Tout change le 1er mars avec l’entrée en scène du patient n° 17, Hông Nhung, passagère du vol VN54 Londres-Hanoi. Elle sera désignée comme une « super-contamineuse » après avoir diffusé le virus à vingt-un passagers de la classe Affaires, voire, aux deux cent un passagers du vol et aux douze membres de l’équipage. Tous seront traqués jusqu’à leur lieu de résidence et de villégiature. Les légations diplomatiques sont priées de contacter leurs citoyens. Une fois retrouvés, ceux-ci sont soumis d’autorité à une quarantaine prophylactique. L’emploi de chacun est disséqué ; ses interlocuteurs sont identifiés afin de les isoler à leur tour. L’itinéraire de la jeune jet-setteuse Hông Nhung est retracé sur la mappemonde des défilés de mode saisonniers, de Milan à Londres en passant par Paris. Quelque part, dans l’une de ces trois villes, elle a contracté la maladie. Très vite, on a su qu’elle occupait le siège 5K, qu’elle avait contaminé son chauffeur venu la récupérer à l’aéroport et sa tante âgée de soixante-quatre ans. Son adresse à Hanoi et son courriel sont publiés dans la presse et sur les réseaux sociaux, le quartier où se trouve sa maison est isolé par un cordon sanitaire, son compte Instagram truffé d’insultes et de menaces de mort.

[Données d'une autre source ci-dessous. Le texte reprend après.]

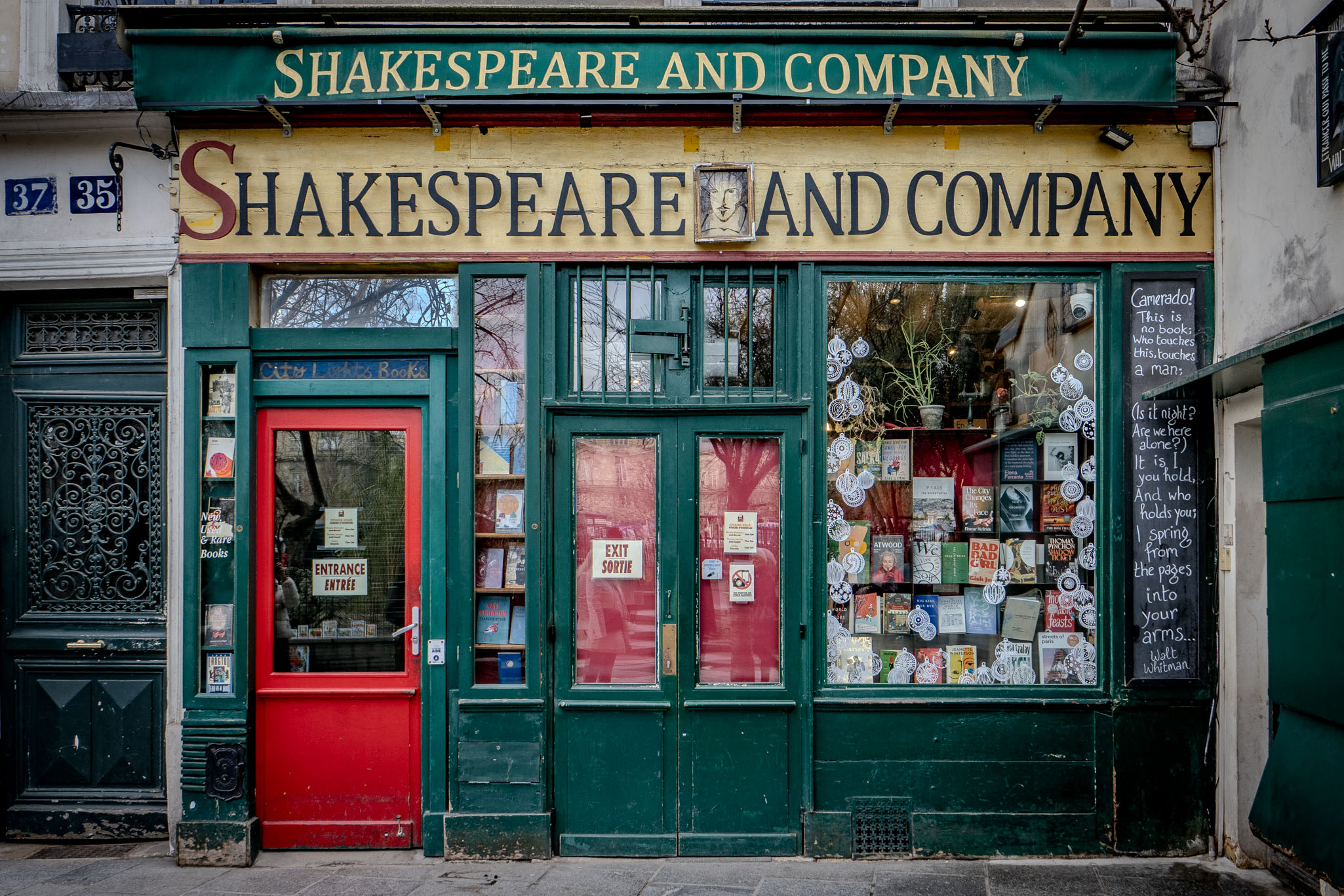 Next door to the café is Shakespeare and Company, the legendary bookshop linked to writers including James Joyce and Ernest Hemingway, and a long-standing pilgrimage site for readers.

Quelques jours avant notre départ, des alertes me parviennent de l’Ambassade de France à Hanoi : Ne venez pas. À Hanoi, le quartier où réside la patiente n°17 est bouclé. D’autres mises en quarantaine risquent de se produire. 

Nous ignorons les avertissements. Le fait de vivre en France nous immunise. Cela n’arrive qu’aux autres, aux pauvres, aux consommateurs de chauve-souris et autres animaux dégoûtants.

Pendant l’atelier d’écriture, notre insouciance est tempérée par quelques gestes inusités de désinfection de la table de travail et par l’absence d’embrassades matinales. Masques et gel hydroalcoolique sont fournis par notre logeuse et les magasins que nous pénétrons. Notre température est prise sur les paliers. Nous désinfectons les poignées de nos vélos. Des voitures équipées de hauts-parleurs sillonnent la ville du matin au soir et ne nous font jamais oublier de nous laver les mains.  

De nouveaux vols en provenance d’Europe atterrissent. Après la patiente n°17, on passe aux cas 39 puis 76. Sur l’ensemble des malades, 22 sont des étrangers. La presse parle de diffusion exponentielle. La plupart des nouvelles contaminations ont pour origine des voyageurs venus du vieux continent. Sur la route du delta du Mékong, aux aires de repos, des vigiles armés de drapeaux rouges frénétiquement agités s’opposent au stationnement des cars de touristes occidentaux. Les hôtels et restaurants ferment les uns après les autres. Les bateaux de tourisme de la baie d’Halong sont interdits de croisière après que des passagers anglais ont été testés positifs au coronavirus. À Hanoi, les visiteurs d’origine caucasienne font profil bas. 

La discrimination a changé de visages.

En France, pendant la même période, la contamination est également exponentielle. 9000 personnes sont infectées par le virus. Toutes ne sont pas des croqueuses de chauve-souris.